◆ **Aim of the task**
Each entry below needs to be transcribed verbatim; the images should not appear.

Start of Listed entries

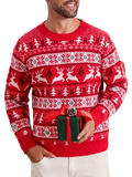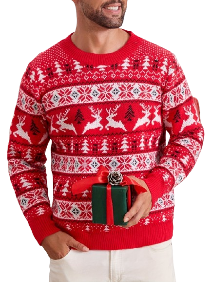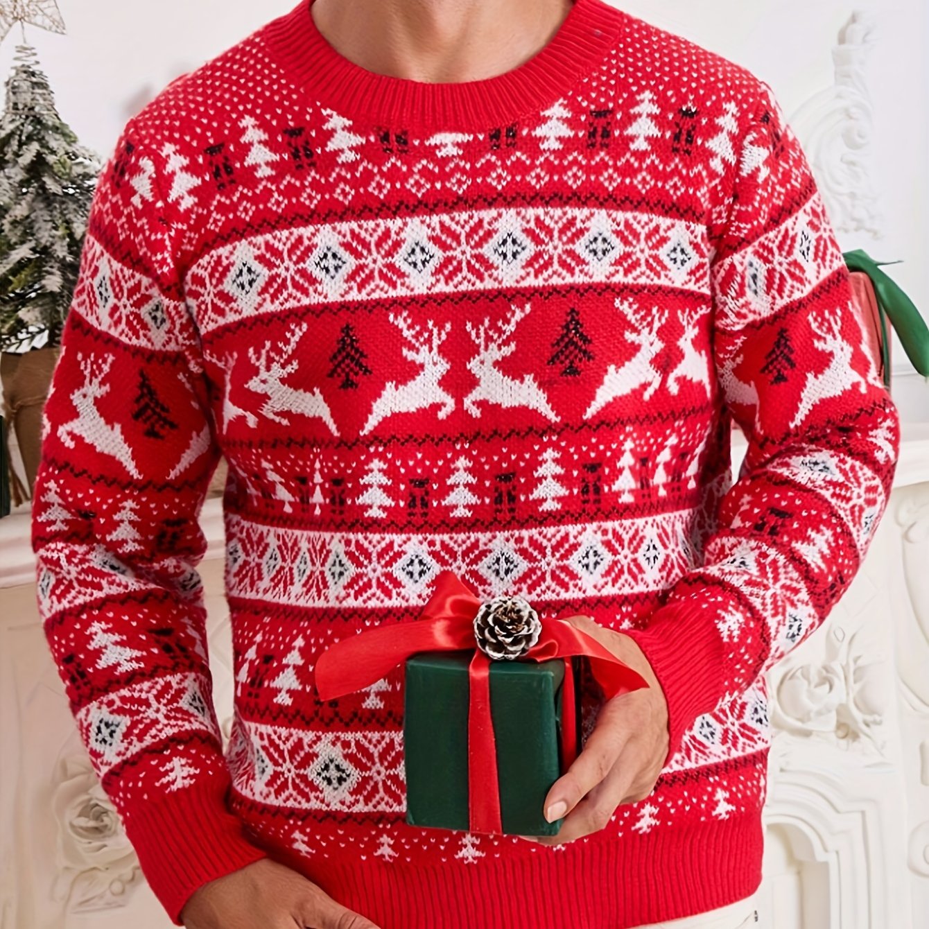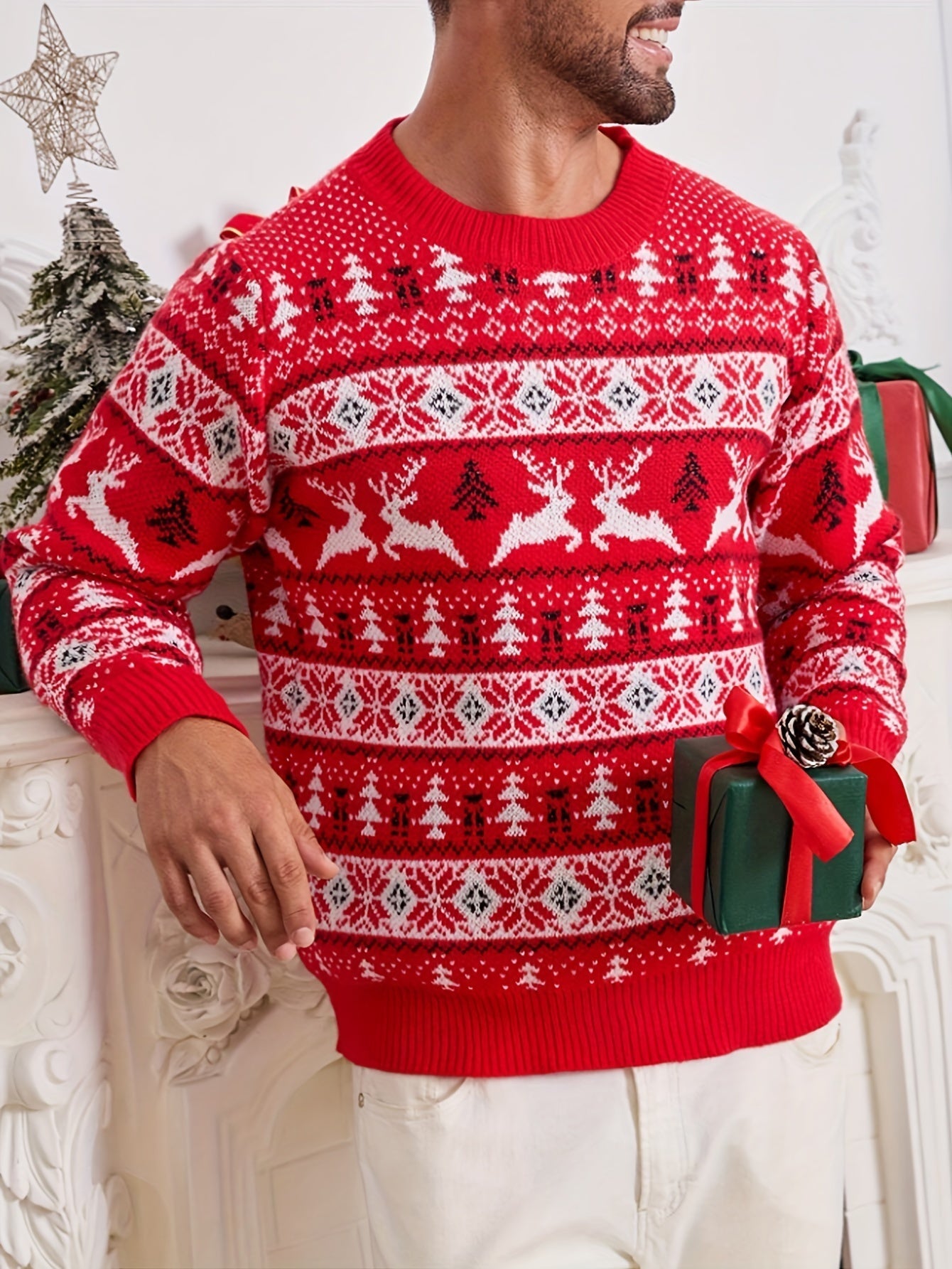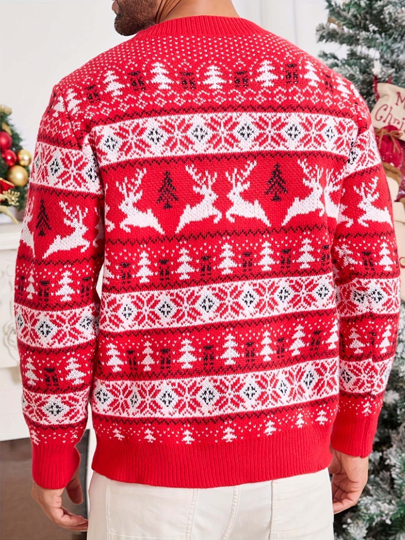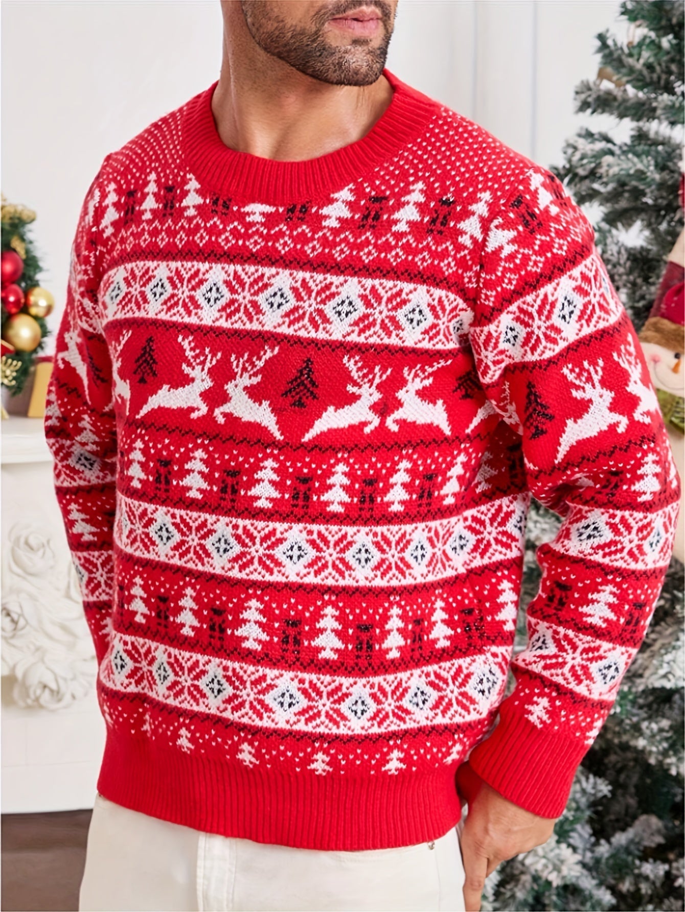 Ruben – Feestelijke Rode Kersttrui met Rendieren en Sneeuwvlokken
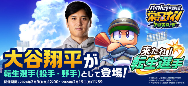株式会社コナミデジタルエンタテインメントは、モバイルゲーム『パワフルプロ野球 栄冠ナイン クロスロード』(以下、『パワプロ 栄冠クロス』)で、ゲーム内イベント「来たれ!転生選手」を本日2月9日(金)から開始したことをお知らせします。
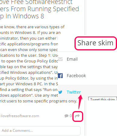 - You will be able to share your article summary (known as Skim) link to Twitter, Facebook, or can send email to friend. People will also be able to comment to your skim. Only registered users can comment.
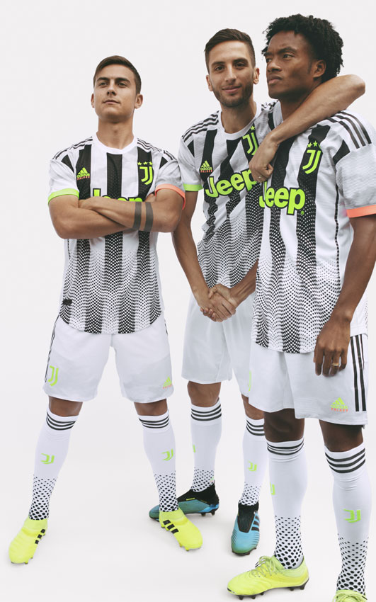 ロンドンのブランドであるパレスは、adidasとのコラボレーションで革新的なユニフォームを制作。ホワイトとブラックの伝統カラーを使用する一方で、袖は斬新なオレンジとグリーンのネオンカラーで彩る。胸スポンサー「Jeep」のロゴや、背面のネームナンバーもグリーンで表現し、鮮烈な一着に。
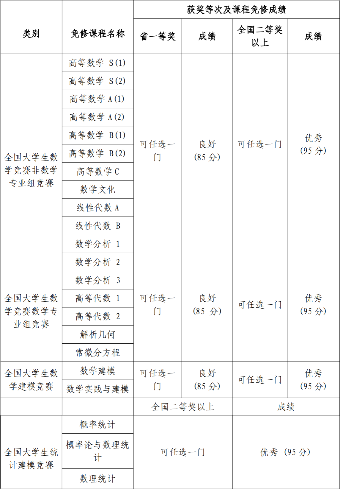 3.参加全国大学生数学竞赛专业组和非数学专业组获奖者,可申请免修数学类课程。
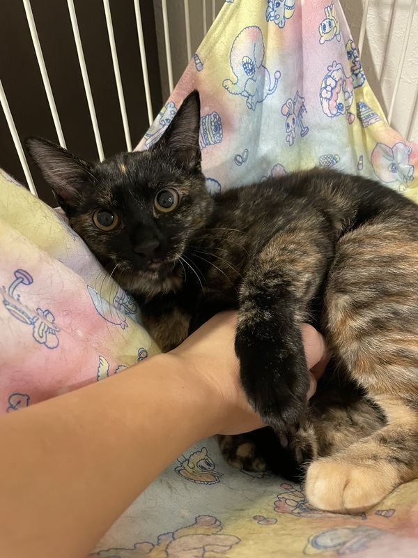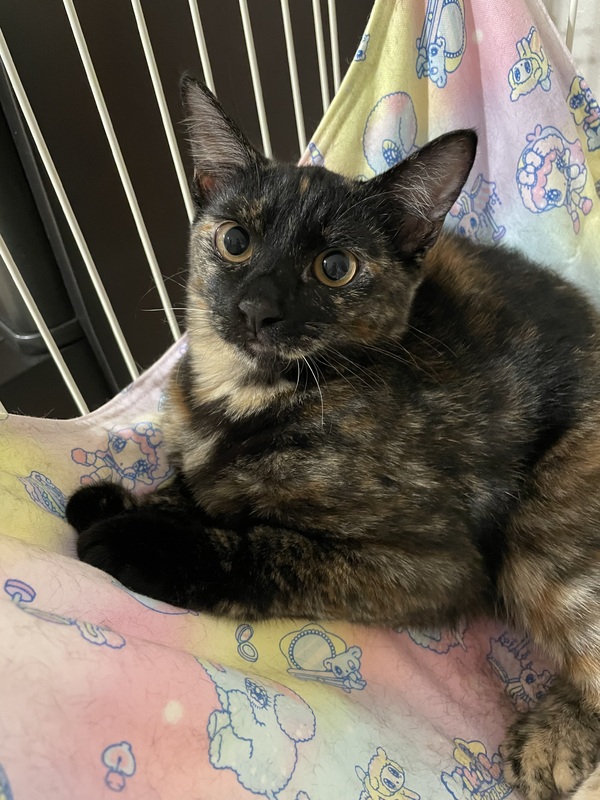 | 特徴(性格など) | 最初はかなり警戒心強めでしたが もう撫でるとゴロゴロ甘えてくれるようになりました。 ハンモックなどに吸い付く癖があります。 サビ猫ちゃんです。 |
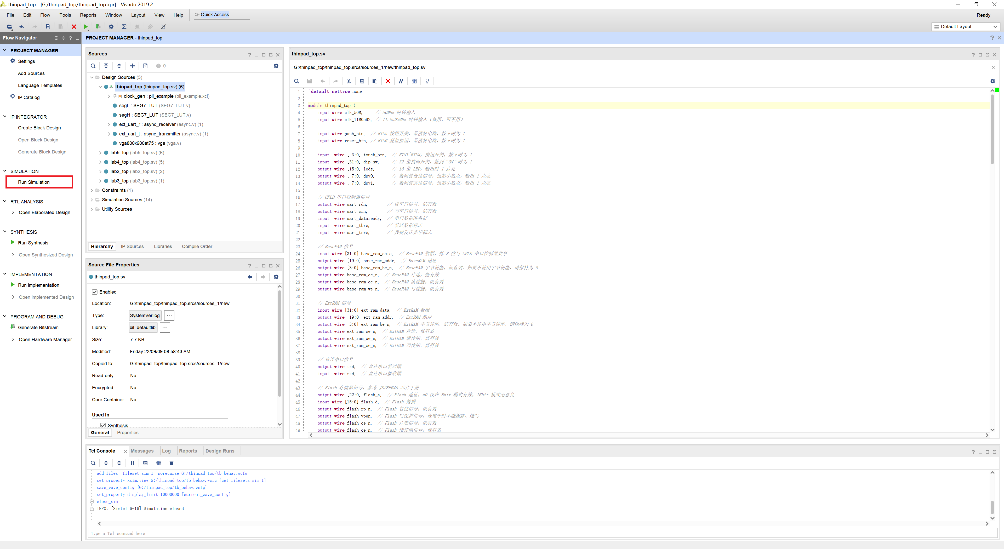 thinpad_top 项目中的仿真代码
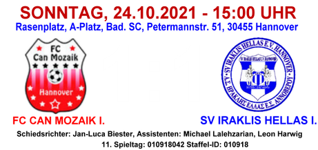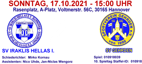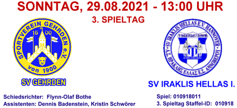 Am kommenden Sonntag trifft der SV Iraklis Hellas auf den FC Can Mozaik, der SV Gehrden spielt am selben Tag gegen den SV Ihme-Roloven.

End of Listed entries

◆ **Solution to this task**
 Ruben – Feestelijke Rode Kersttrui met Rendieren en Sneeuwvlokken
株式会社コナミデジタルエンタテインメントは、モバイルゲーム『パワフルプロ野球 栄冠ナイン クロスロード』(以下、『パワプロ 栄冠クロス』)で、ゲーム内イベント「来たれ!転生選手」を本日2月9日(金)から開始したことをお知らせします。
 - You will be able to share your article summary (known as Skim) link to Twitter, Facebook, or can send email to friend. People will also be able to comment to your skim. Only registered users can comment.
 ロンドンのブランドであるパレスは、adidasとのコラボレーションで革新的なユニフォームを制作。ホワイトとブラックの伝統カラーを使用する一方で、袖は斬新なオレンジとグリーンのネオンカラーで彩る。胸スポンサー「Jeep」のロゴや、背面のネームナンバーもグリーンで表現し、鮮烈な一着に。
 3.参加全国大学生数学竞赛专业组和非数学专业组获奖者,可申请免修数学类课程。
 | 特徴(性格など) | 最初はかなり警戒心強めでしたが もう撫でるとゴロゴロ甘えてくれるようになりました。 ハンモックなどに吸い付く癖があります。 サビ猫ちゃんです。 |
 thinpad_top 项目中的仿真代码
 Am kommenden Sonntag trifft der SV Iraklis Hellas auf den FC Can Mozaik, der SV Gehrden spielt am selben Tag gegen den SV Ihme-Roloven.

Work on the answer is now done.